Сигизмунд Кржижановский. Клуб убийц букв.

-------------------------------------------------

Петя был плохим артистом. Это все знали, знал и он сам. Но он все равно играл, потому что играть любил, а делать что-то другое Петя умел еще хуже, чем играть. Играл он, в основном, в разных детских спектаклях. Играл разбойников, волков, Дедов Морозов, каждого из Двенадцати Месяцев, сказочников и пиратов. Это его кормило и, несмотря на осознание своего театрального ничтожества, Петя был жизнью удовлетворен.

В это слегка дождливое утро Петя шел, весело насвистывая, на прослушивание в только что открывшейся театр. Театром, по большому счету, его еще нельзя было назвать, так как он состоял только из главного режиссера-вдохновителя, названия и снятого полуподвального помещения в старом фонде. 

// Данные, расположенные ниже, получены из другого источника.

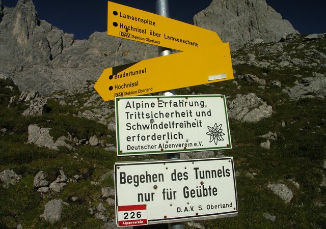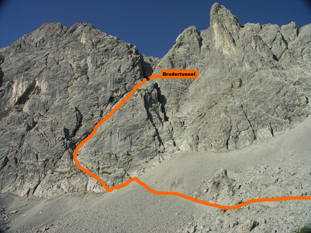 Klettersteig mit dem Brudertunnel benötigt man etwa 30 min. Am Tunnelausgang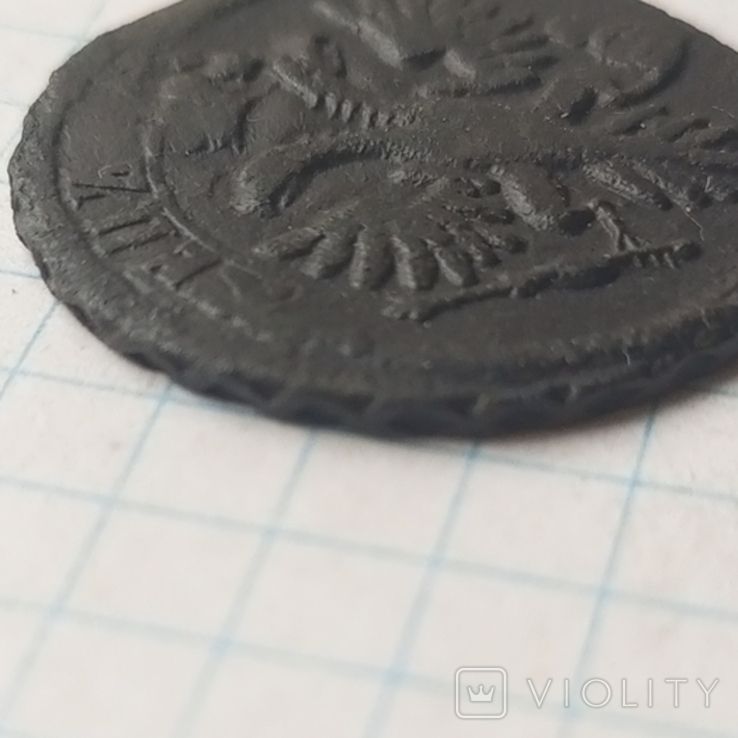Вчерашний проход не частой разновидности полушки, перечекана выпуска Красного монетного двора 1734 года с явными следами от "крестовой" копейки Петра II. ЦФН № 35. Гурт сетчатый. Со старта в 1 гривну, через 65 ставок, достигла финишной цены в 471 грн. Монета из земли, хорошо реставрирована. Проход на украинском аукционе 12.10.2025 года. Фото прилагаю.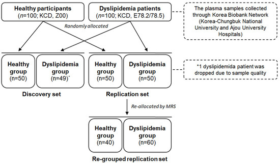 This study was designed as a cross-sectional, two-phase approach comprising a biomarker discovery stage (discovery) and an independent validation stage (replication). As illustrated in Figure 1, each of the two groups (healthy and dyslipidemia; n = 100 each) was further randomly divided into a discovery set and a replication set in a 1:1 ratio. This sample size was determined using G*Power ver. 3.1.9.7 (Franz Faul, University of Kiel, Kiel, Germany), which achieved a statistical power of 0.8 with an α error probability of 0.05 and an effect size exceeding 0.5.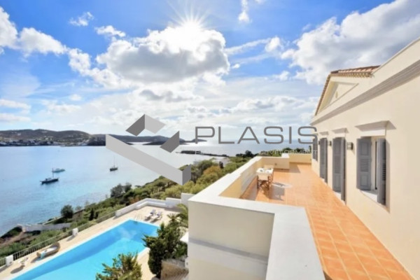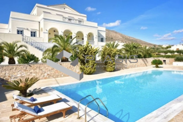 Syros-Ermoupoli, Phoinikas, Detached house For Sale, 600 sq.m., In Plot 6000 sq.m., Property Status: Very Good, Floor: Ground floor, 3 Level(s), 7 Bedrooms 2 Kitchen(s), 7 Bathroom(s), 1 WC, Heating: Autonomous - Petrol, View: Sea view, Building Year: 1990, Energy Certificate: C, 5 parking(s), Floor type: Marble + Tiles, Type of door frames: Aluminum, Security door, Security alarm, Storage room, Fireplace, Satellite Receiver, Cable TV, Internet Line, Electric Appliances, Playroom, Internal Staircase, Double Glazed Windows, Window Screens, Balcony Cover, Balconies, BBQ, Pets Allowed, For Investment, Furnished, Neoclassical, Luxury, Mansion, Airy, Roadside, Bright, AirConditioning, Solar water system, Boiler, Grass, Trees, Swimming pool, Back yard (Garden), Painted, Renovated, Distance from: Airport (m): 5000, Seaside (m): 50, City (m): 5000, Village (m): 1, Price: €3,900,000. Plasis Glyfada, Tel: +30 2109601909 +30 2109601609, email:
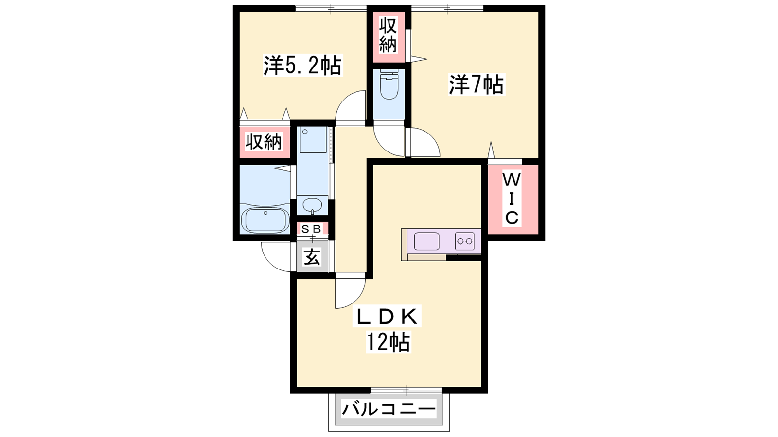 - LDK12帖、洋室7帖、洋室5.2帖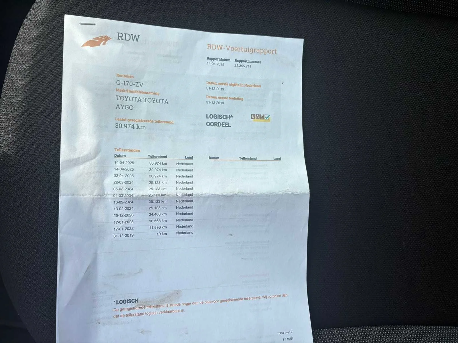 Kenteken: G-170-ZV Merk: Toyota Model: Aygo Type: 1.0 VVT-i x-fun Afgelezen kilometerstand: 30988km Cilinderinhoud: 998cc Vermogen (kW): 53kW Brandstof: Benzine Chassisnummer: JTDKGNEC10N505522 Laadvermogen: 0kg NAP status: Logisch Datum eerste toelating: 2019-12-31 Datum eerste toelating (NL): 2019-12-31 APK vervaldatum: 2025-12-31 Vermogen (pk): 72hp Aantal zitplaatsen: 4 Kleur: wit Transmissie: Handgeschakeld Stuurwiel: links Emissieklasse: 6 Aantal deuren: 4 Ledig gewicht: 815kg Aantal cilinders: 3 Carrosserie: hatchback Onderhoudshistorie: Ja gedeeltelijk Carfax Link: https://was.carfax.eu/v0/api/ccdid/5100016408/svc/201/vinreg/G170ZV/checksum/eyJhbGciOiJIUzI1NiIsInR5cCI6IkpXVCJ9.eyJleHAiOjE3NTgzNTk1NzF9.rvbvGJTBtcnBdwkd3rHmG0PMlbm_YTIBrHB4M-kKitM startinformatie : Start en rijdt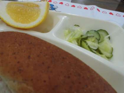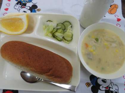 献立は、コーンクリームシチュー、グリーンサラダ、河内ばんかん、パン、牛乳でした。

Режиссера звали Василием Степановичем, но он предпочитал называться громко, Варсалафием. Он был очень прогрессивно настроенным молодым человеком, с длинными, не очень чистыми, волосами, в косоворотке, ну и, как положено, с горящим комсомольским взором. Свой театр он хотел назвать Новым Театром,  но ему сказали, что такой театр уже есть. Варсалафий не растерялся – “Тогда назовем его - Еще Одни Новый Театр. Посмотрим, который история полюбит больше”. Народ подумал и сократил до  “Еще Один”.

Так вот в этот, Еще Один театр, Петя шел на прослушивание на роль в новаторской постановке Гамлета. Варсалафий прожужжал всем уши о своих идеях, но сами идеи загадочно хранил пока в своей гениальной голове.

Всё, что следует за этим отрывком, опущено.